(Work to complete)
Go to the line that contains "Szórakoztató, 21 cm", then write out that line and all that follow to the end of the listing, exactly and without pictures.

(Exercise inputs)

......

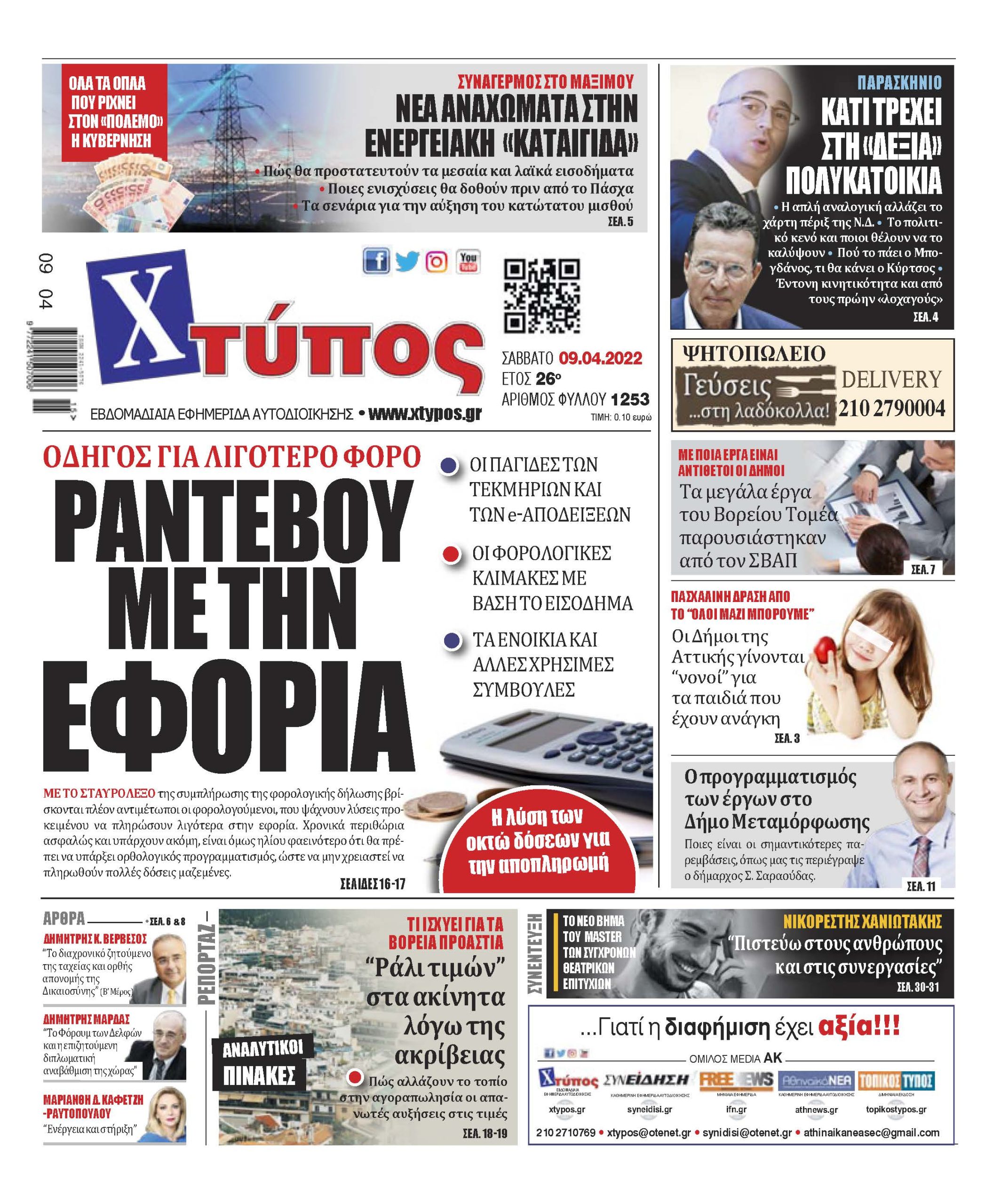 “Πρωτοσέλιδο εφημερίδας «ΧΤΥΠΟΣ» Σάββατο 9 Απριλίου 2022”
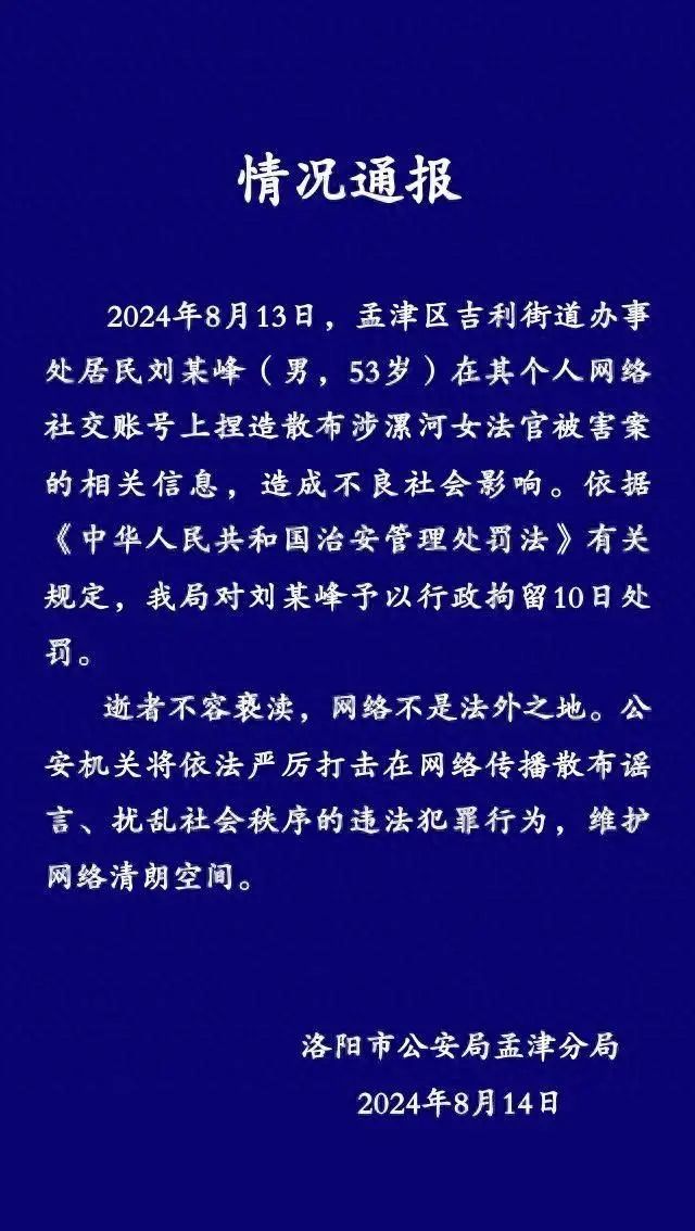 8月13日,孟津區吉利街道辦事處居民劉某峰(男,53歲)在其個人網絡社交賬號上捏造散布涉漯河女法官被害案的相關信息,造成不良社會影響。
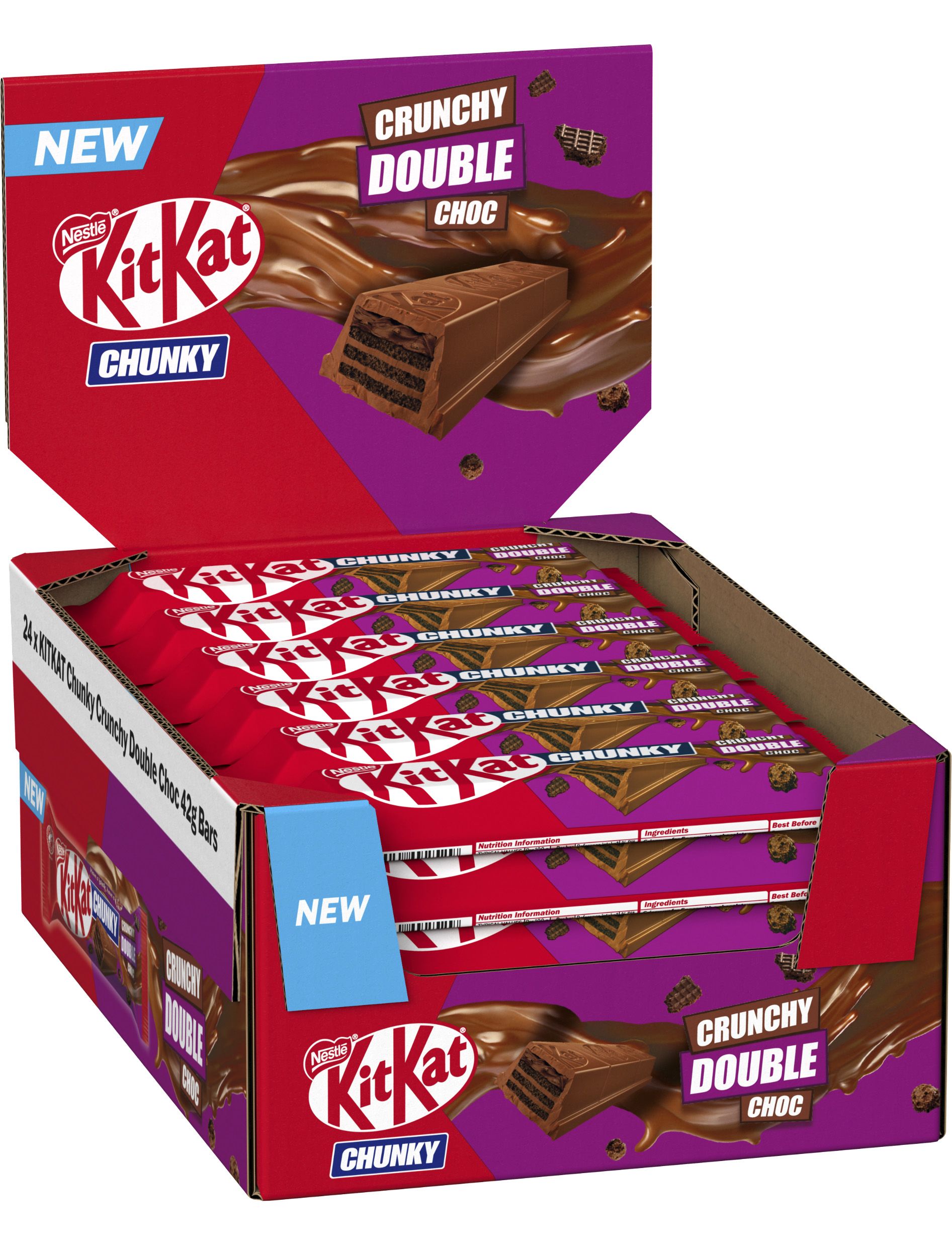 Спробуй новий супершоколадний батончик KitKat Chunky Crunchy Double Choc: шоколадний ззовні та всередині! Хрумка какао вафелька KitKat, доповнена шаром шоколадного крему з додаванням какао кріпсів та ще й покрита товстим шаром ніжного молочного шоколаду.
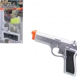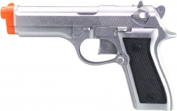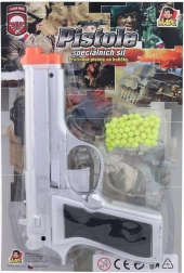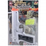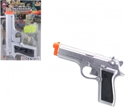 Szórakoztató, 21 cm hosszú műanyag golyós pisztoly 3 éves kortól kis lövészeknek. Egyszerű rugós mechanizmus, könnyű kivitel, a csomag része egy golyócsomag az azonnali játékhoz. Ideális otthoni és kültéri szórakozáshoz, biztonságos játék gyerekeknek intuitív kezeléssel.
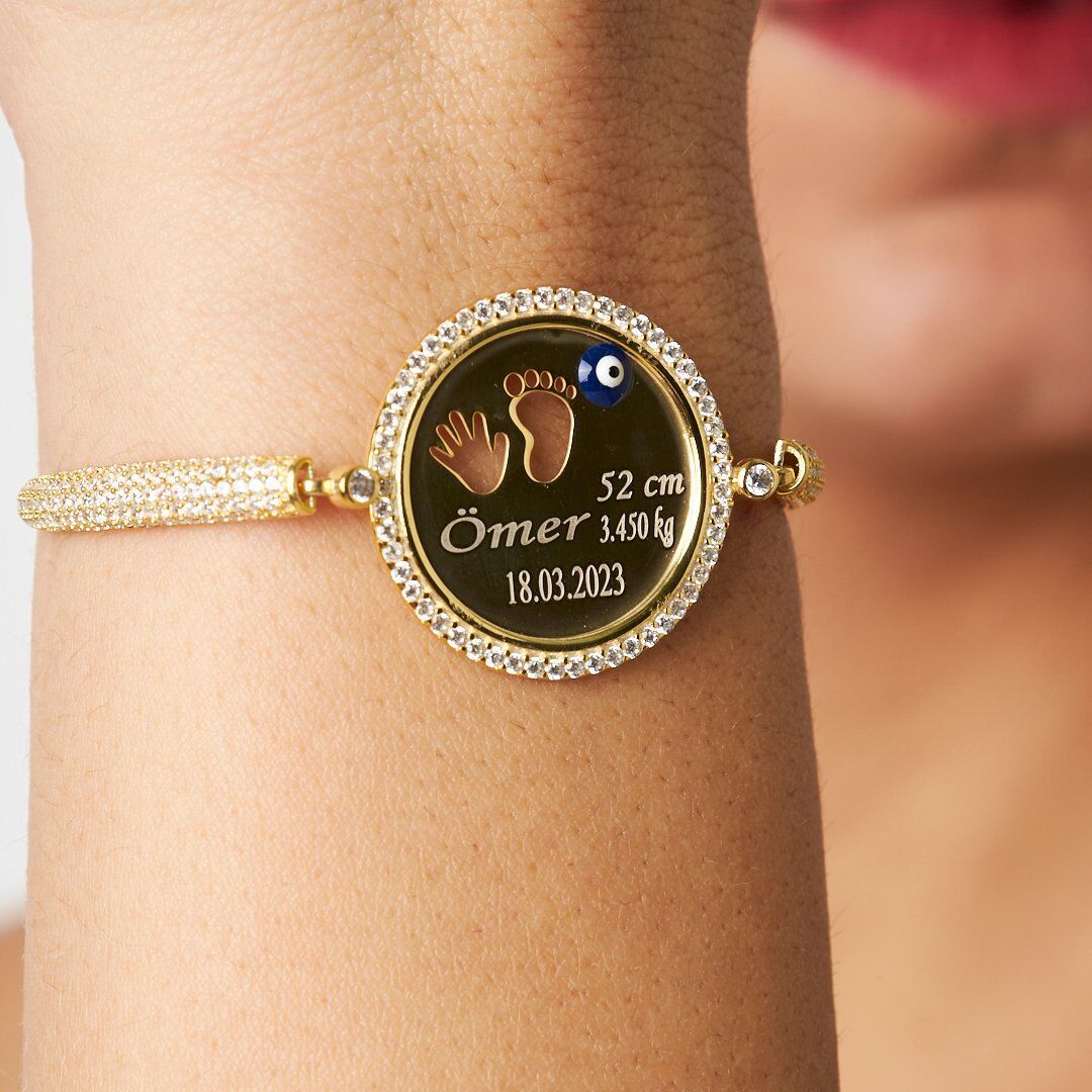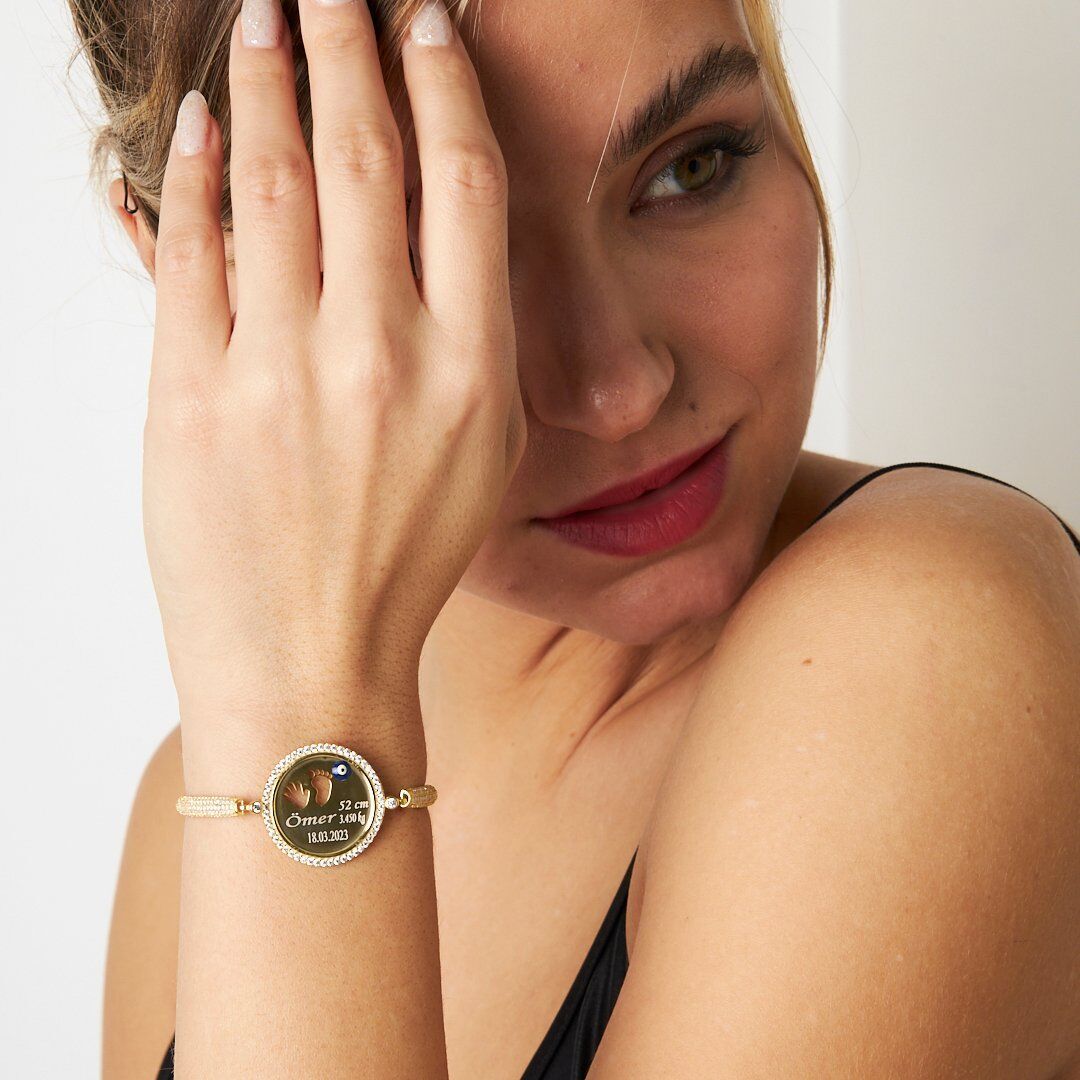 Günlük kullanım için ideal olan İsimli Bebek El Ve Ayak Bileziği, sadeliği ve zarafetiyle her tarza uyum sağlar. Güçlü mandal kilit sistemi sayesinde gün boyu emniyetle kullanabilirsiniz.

......

(Reply to the exercise)
 Szórakoztató, 21 cm hosszú műanyag golyós pisztoly 3 éves kortól kis lövészeknek. Egyszerű rugós mechanizmus, könnyű kivitel, a csomag része egy golyócsomag az azonnali játékhoz. Ideális otthoni és kültéri szórakozáshoz, biztonságos játék gyerekeknek intuitív kezeléssel.
 Günlük kullanım için ideal olan İsimli Bebek El Ve Ayak Bileziği, sadeliği ve zarafetiyle her tarza uyum sağlar. Güçlü mandal kilit sistemi sayesinde gün boyu emniyetle kullanabilirsiniz.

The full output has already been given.